1 is a nozzle, 2 is an orifice plate, 3 is a pressure chamber, 4
Is a chamber plate, 5 is a restrictor, 6 is a restrictor plate, 7 is a vibration plate, 8 is a filter section, 9 is a diaphragm plate, 10 is a common ink passage, 11 is a housing, 12 is an elastic material, 13 is a piezoelectric actuator,
14 is a laminated piezoelectric element, 15 is a conductive bonding member, 16 is a support substrate, 17 is an individual electrode, 18 is a common electrode, 19 is a connection cable, 20 is an ink introduction pipe, 21 is a sealing member, and 22 is a pressure adjusting member. , 23 are a sealing member, 24 is a grease member, 25 is a piston member, 26 is ink, and 27 is an ink mist.

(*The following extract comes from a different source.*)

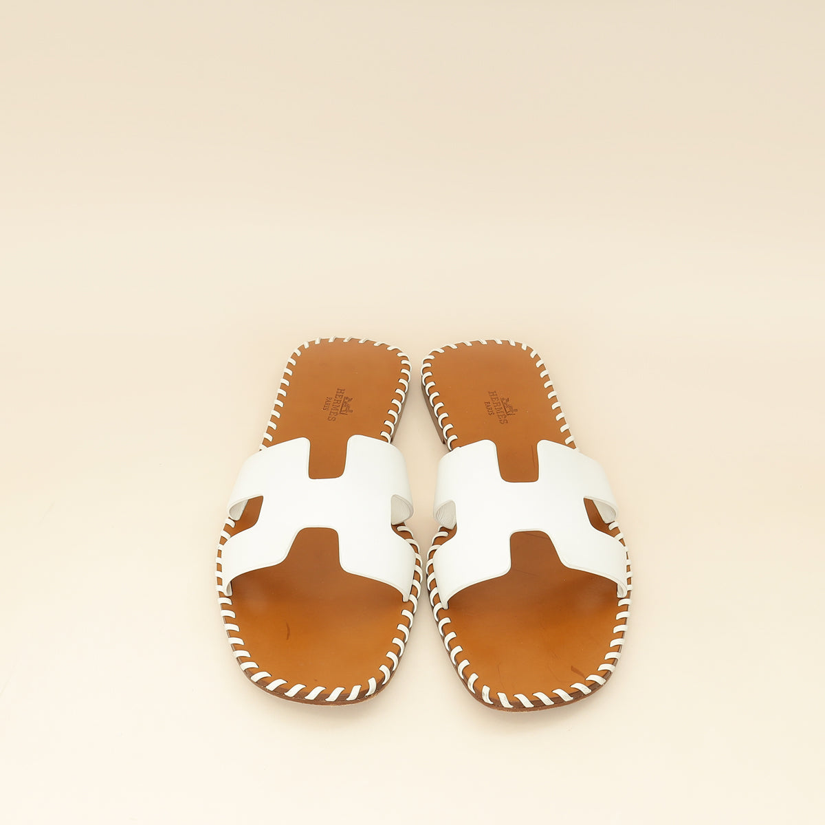 Hermes Blanc Oran Braided Sole Edge Sandal 40

 ──────────────────────────────────────────────────続 き Continued on the front page (72) Inventor Osamu Machida 1060 Takeda, Hitachinaka-shi, Ibaraki F-term in Hitachi Koki Co., Ltd. (reference) 2C057 AF65 AG47 AG99 BA03 BA14

Claims (4)

[Claims] 1. A pressure chamber for storing ink, pressure generating means for generating pressure fluctuation in the pressure chamber by application of an electric signal, and at least a part of a wall surface of the pressure chamber being formed and connected to the pressure generating means. A diaphragm, a restrictor as a flow path for supplying ink to the pressure chamber, a housing having a common ink passage for supplying ink to the restrictor, and a nozzle for discharging ink droplets from the pressure chamber. In the ink jet print head, the diaphragm, the pressure generating means and a part of the wiring for applying an electric signal thereto are sealed so as not to communicate with the atmosphere, and the pressure of the sealed space is set to the same pressure as the atmospheric pressure. An ink jet print head comprising a pressure adjusting mechanism for adjusting. 2. An ink jet print head according to claim 1, wherein said pressure adjusting mechanism has a part of a member forming a closed portion made of an elastic material made of a thin film. 3. The pressure adjusting mechanism is characterized in that it has a hole provided in a part of a member constituting a closed portion and communicating with the atmosphere, and a structure in which a non-volatile high-viscosity liquid is injected into the hole. The on-demand type ink jet print head according to claim 1. 4. The pressure mechanism comprises a hole formed in a part of a member constituting a closed part for communicating with the atmosphere, and a part of the hole formed of an elastic material conforming to the inner wall shape of the hole. 2. An ink jet print head according to claim 1, wherein said ink jet print head comprises a member which can move freely in the length direction.